Fortinet Forum
The Forums are a place to find answers on a range of Fortinet products from peers and product experts.
Ivar
New Contributor

CVE-2021-44228 Apache LOG4J vulnerability

Would appreciate a response from Fortinet regarding the Apache log4 vulnerability if any Fortinet product

is affected.

 

Any information regarding updated IPS signature for CVE-2021-44228?

1 Solution
Carl_Windsor_FTNT

PSIRT advisory on impacted products can be found here:

 

https://www.fortiguard.com/psirt/FG-IR-21-245

Dr. Carl Windsor Field Chief Technology Officer Fortinet

View solution in original post

44 REPLIES 44
AlexC-FTNT

The action is "Allow" for the moment, while undergoing extensive testing on our side in order to avoid false positives. Manually changing to "Block" should be done under supervision, monitoring valid traffic not to be blocked. 


- Toss a 'Like' to your fixxer, oh Valley of Plenty! and chose the solution, too00oo -
AlexC-FTNT
Staff
Staff

We have developed an IPS signature, Apache.Log4j.Error.Log.Remote.Code.Execution, with VID 51006 to address this threat. This signature has been released in IPS package (version 19.215). Please note that this is an emergency release, so the default action for this signature is set to pass at the moment. If you want this blocked, please change the action in the IPS profile. 

 

For protection against this vulnerability, make sure that the IPS definition version is the one above. You can verify in System > FortiGuard, where you can also trigger an automated update. Once updated, alter the ips profile and change the action for this signature to block. 

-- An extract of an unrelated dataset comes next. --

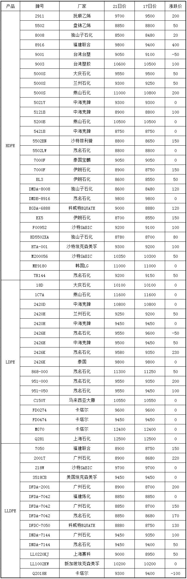 美金价格:亚洲HDPE市场价格以稳为主。最新报价:拉丝料在1099-1101美元/吨(CFR中国),1119-1121美元/吨(CFR东南亚),均持稳;注塑料在1019-1021美元/吨(CFR中国),1039-1041美元/吨(CFR东南亚),均持稳;膜料在1079-1081美元/吨(CFR中国),持稳,1099-1101美元/吨(CFR东南亚),上涨10美元/吨;吹塑料在1059-1061美元/吨(CFR中国),1079-1081美元/吨(CFR东南亚),均上涨20美元/吨。亚洲LDPE市场价格上涨。最新报价在1129-1131美元/吨(CFR中国),1159-1161美元/吨(CFR东南亚),均上涨10美元/吨。亚洲LLDPE市场价格上扬。最新报价在1069-1071美元/吨(CFR中国),上扬20美元/吨,1089-1091美元/吨(CFR东南亚),上扬10美元/吨。

- Toss a 'Like' to your fixxer, oh Valley of Plenty! and chose the solution, too00oo -
indi81
New Contributor II

So, is there any option to automatically set these as Action: block instead of the default Pass? It's the same story as with Hafnium.

 

I think the majority would prefer a smaller incident/faulty service before risking a major breach. Atleast give the option. 

AlexC-FTNT

The option exists, but works the other way. I did not make this choice of default Action, but I understand it from a business-user perspective: a/any firewall should not block legitimate traffic from one day to the next just after some automated update. That may be difficult to isolate and cause revenue loss. The SysAdmin should be aware of the latest attacks and select the appropriate signature action - knowing that action may cause some false positives.


- Toss a 'Like' to your fixxer, oh Valley of Plenty! and chose the solution, too00oo -
J13224
New Contributor II

Your risk analysis needs to be reevaluated.  What is the bigger threat to revenue.  A possible edge case bad ips pattern file that could be easily detected in logs or a trivial full system access compromise of thousands of different products on millions of systems that are globally accessible. I pay Fortinet to be aware of the latest attacks so I don't have to panic when I wake up in the morning to the news.

FnUser
New Contributor

Doesn't seems that signature is doing anything, don't see any violations on testing.

FnUser
New Contributor

Does it work for anybody?

indi81
New Contributor II

Yes, but only for HTTP.

FnUser
New Contributor

what payload did you use for testing?

indi81
New Contributor II

On Fortigate, we had both active attacks logged on HTTP and tested with https://log4shell.huntress.com/

 

Nothing showed in the logs for HTTPS. We just tested with adding the payload as plain querystrings.

 

The FortiADC didn't seem to have any IPS or known attack signature for it so we couldn't see anything there.